Daten stellen in der Industrie 4.0 eine wichtige unternehmerische Ressource dar. Diese Ressource kann nicht nur im eigenen Unternehmen wiederverwertet werden, sie kann auch zu einem handelbaren Rohstoff weiterentwickelt werden. Aus Optimierungsüberlegungen heraus sollten diese Möglichkeiten jedenfalls sondiert werden; aktuell liegen hier viele Potenziale brach, da viel mehr Aufwand getrieben wird, um eigene Datenbestände gegen Nutzung durch Dritte abzusichern, statt die Ertrag bringende Verwertung der Daten zu optimieren.

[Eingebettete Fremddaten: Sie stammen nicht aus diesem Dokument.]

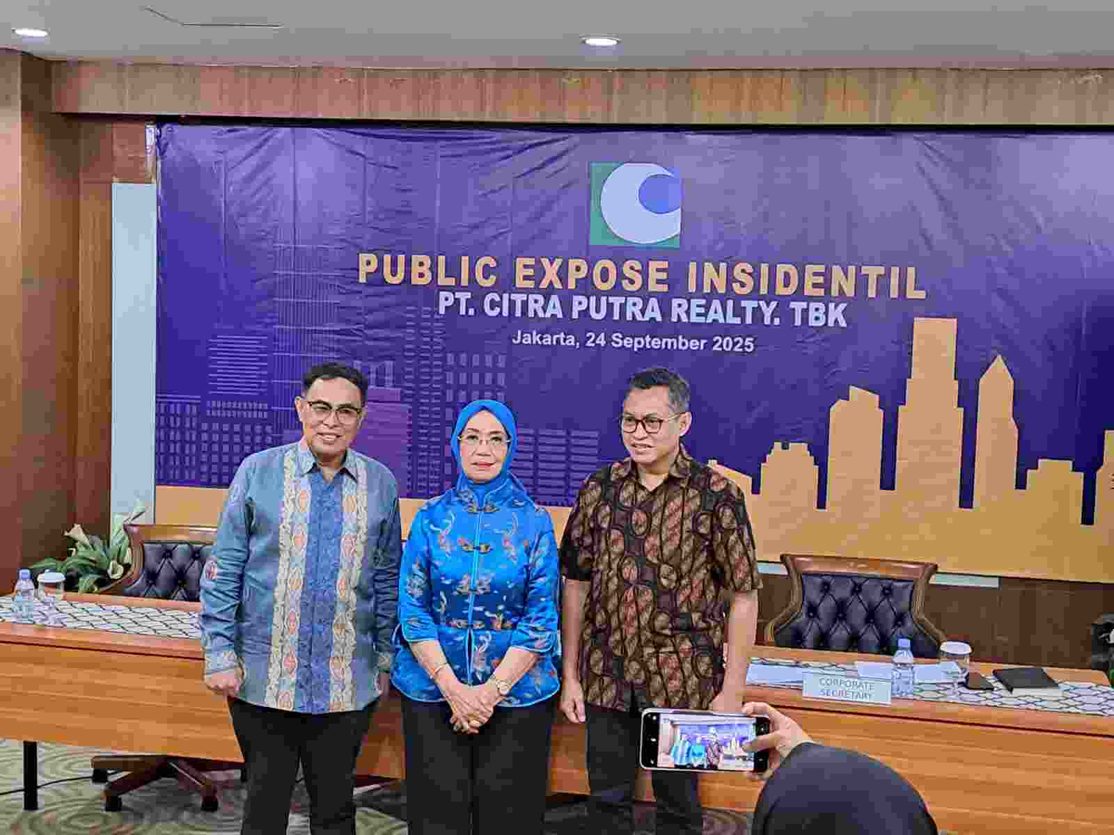 PT Citra Putra Realty Tbk (kode saham: CLAY) menyelenggarakan Paparan Publik (Public Expose) Insidentil Tahun 2025 pada Rabu, 24 September 2025, bertempat di Auditorium PT Citra Putra Realty Tbk, Gedung Clay lantai 18, Jakarta.
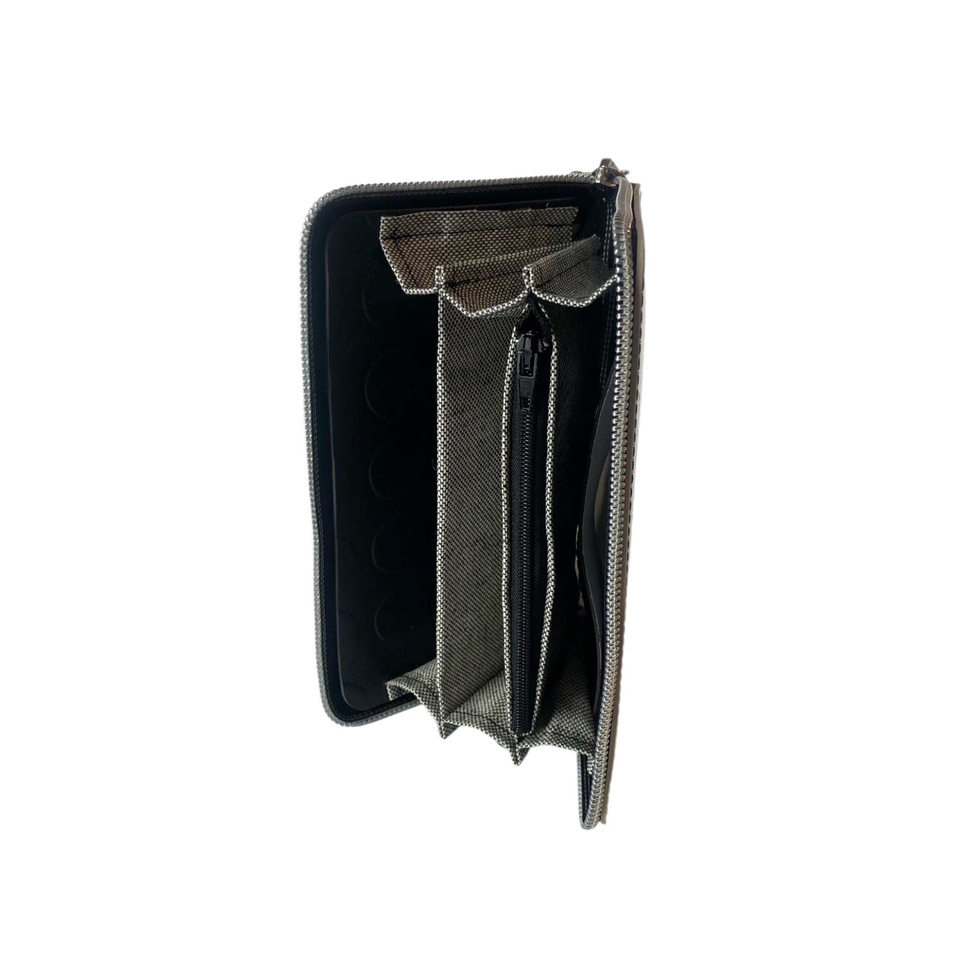 L’interno, in tessuto cerato e pelle artificiale, è progettato per la massima organizzazione: spazi per carte su entrambi i lati, tasca con zip per monete e scomparto centrale per banconote e documenti.

IT-Sicherheit/IT-Kriminalität
Internetkriminalität wird im Rahmen von Industrie 4.0 eine noch größere Bedrohung: Einerseits erhöht sich der potenzielle Schaden, da nicht nur die Organisation und Verwaltung eines Unternehmens gestört werden können, sondern auch direkt die Produktion ausgespäht oder lahmgelegt werden kann; andererseits erhöht sich das Risiko, Opfer von Attacken zu werden, da die Schnittstellen zwischen den Partnern bei überbetrieblich vernetzten Produktionsprozessen ein weiteres Einfallstor für Internetkriminelle darstellen.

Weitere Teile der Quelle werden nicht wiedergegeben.